Solving Free-Falling Body Homework on Moon Base I

[Edwardo_Elric]

Homework Statement

A lunar lander is making its descent to the moon Base I. THe lander descends slowly under the reto-thrust of its descent engine. The engine is cut off when the lander is 5.0m above the surface and has a downward speed of 1.5m/s. With the engine off, the lander is in free fall. What is the speed of the lander just before it touches the surface? The acceleration due to gravity on the moon is 1.6m/s^2

Homework Equations

i used
V^2 = V_0^2 + 2g(y - y_0)

The Attempt at a Solution

required is speed:
V = \sqrt{(1.5m/s)^2 + 2(1.6m/s^2)(5.0m)}
Speed = 4.27m/s

i don't know about this but what I am confused is that will the gravity be positive when you need a scalar?

 

[PhanthomJay]

Homework Statement

A lunar lander is making its descent to the moon Base I. THe lander descends slowly under the reto-thrust of its descent engine. The engine is cut off when the lander is 5.0m above the surface and has a downward speed of 1.5m/s. With the engine off, the lander is in free fall. What is the speed of the lander just before it touches the surface? The acceleration due to gravity on the moon is 1.6m/s^2

Homework Equations

i used
V^2 = V_0^2 + 2g(y - y_0)

The Attempt at a Solution

required is speed:
V = \sqrt{(1.5m/s)^2 + 2(1.6m/s^2)(5.0m)}
Speed = 4.27m/s

i don't know about this but what I am confused is that will the gravity be positive when you need a scalar?

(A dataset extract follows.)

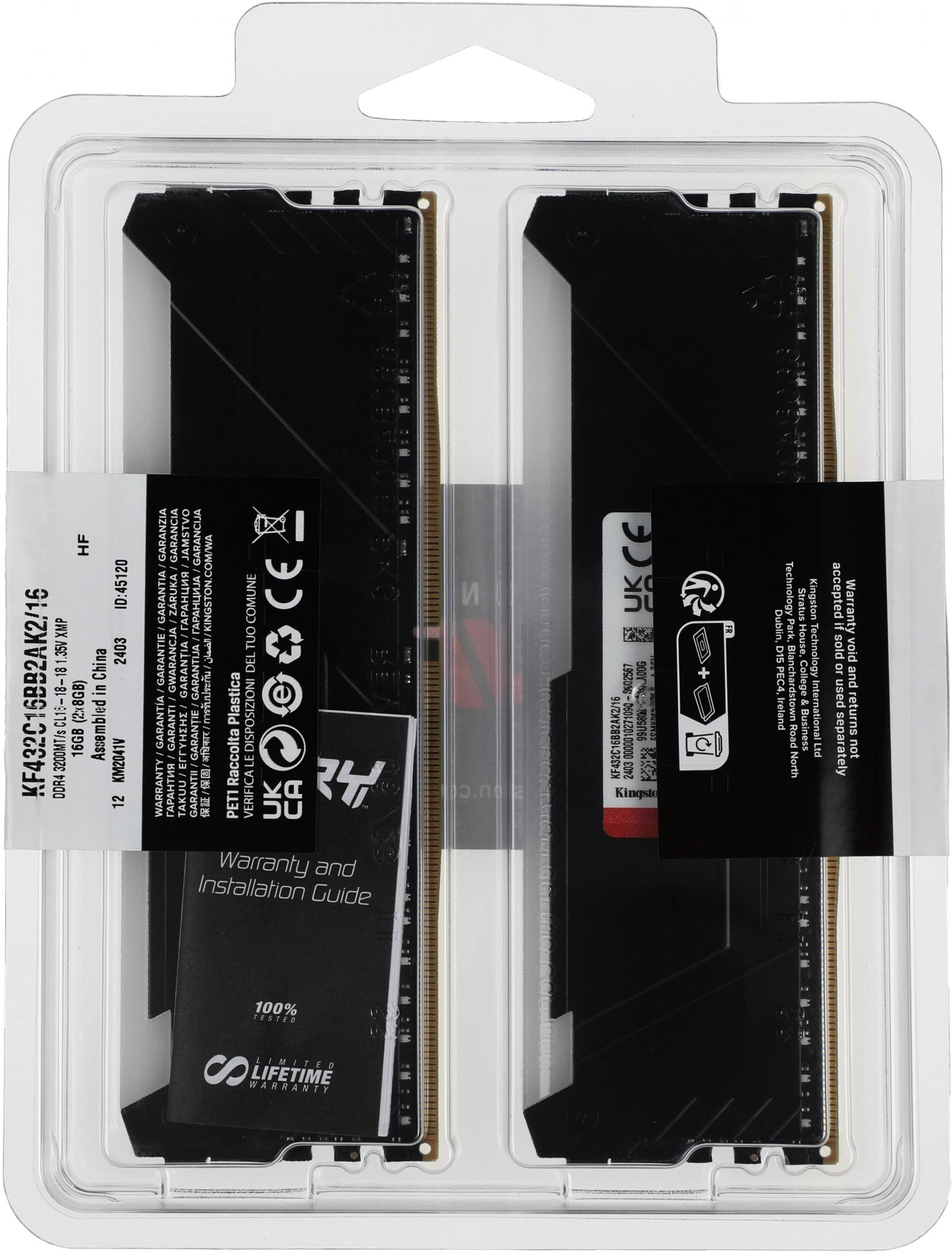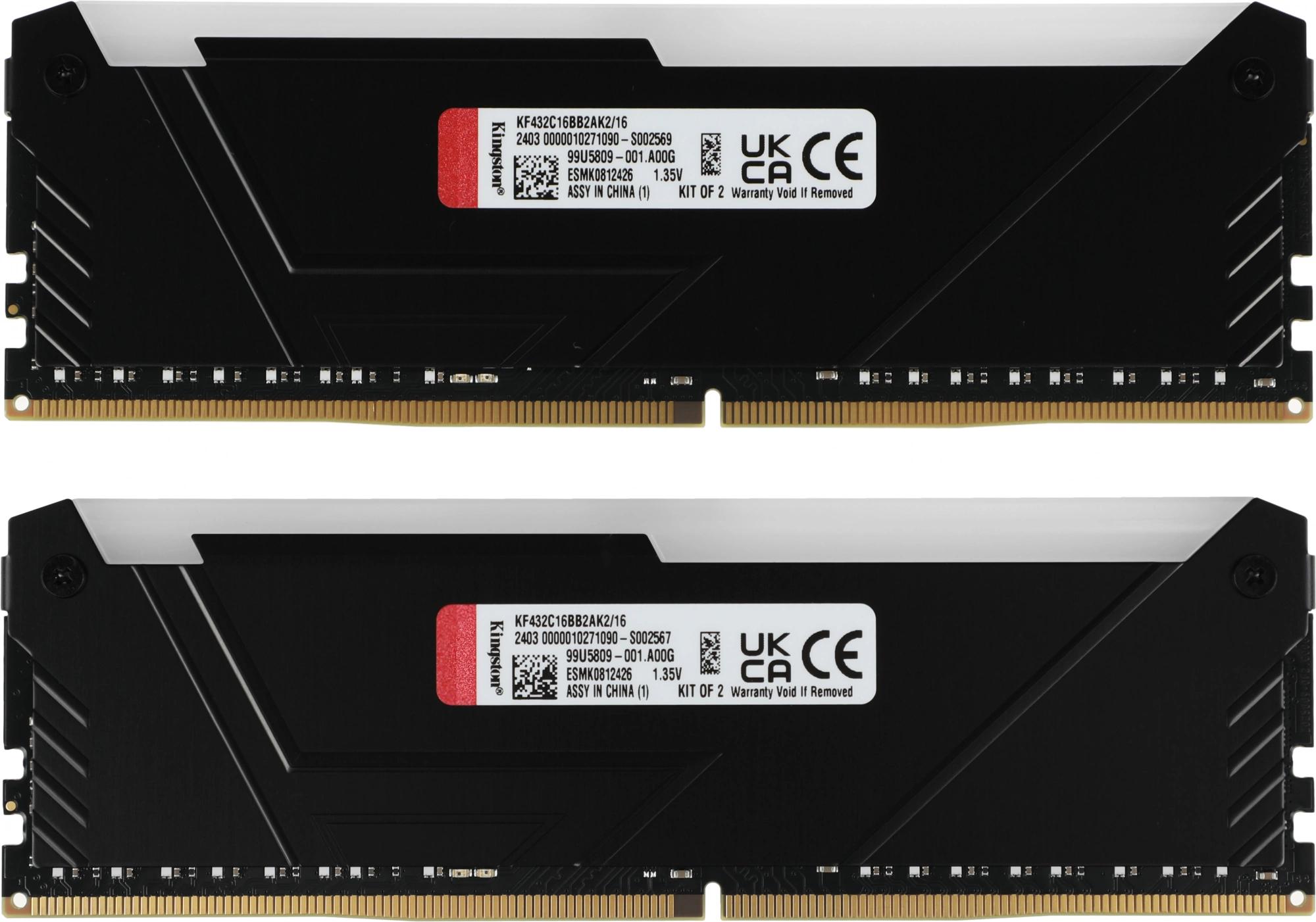 Память DDR4 2x8GB 3200MHz Kingston KF432C16BB2AK2/16 Fury Beast RGB RTL Gaming PC4-25600 CL16 DIMM 288-pin 1.35В kit dual rank с радиатором Ret

Velocity, acceleration, and displacement are vector quantities. You chose downward as the positive direction. You could have chosen downward as the negative direction, in which case your equation would have read:
V = \sqrt{-1.5m/s)^2 + 2(-1.6m/s^2)(-5.0m)}
and you get the same result for V.

 

[Edwardo_Elric]

are u sure?
and thanks a lot
speed is velocity in this problem?

 

[PhanthomJay]

are u sure?
and thanks a lot
speed is velocity in this problem?

No, the velocity is 4.27m/s downward. The speed is the magnitude of the velocity, or 4.27m/s.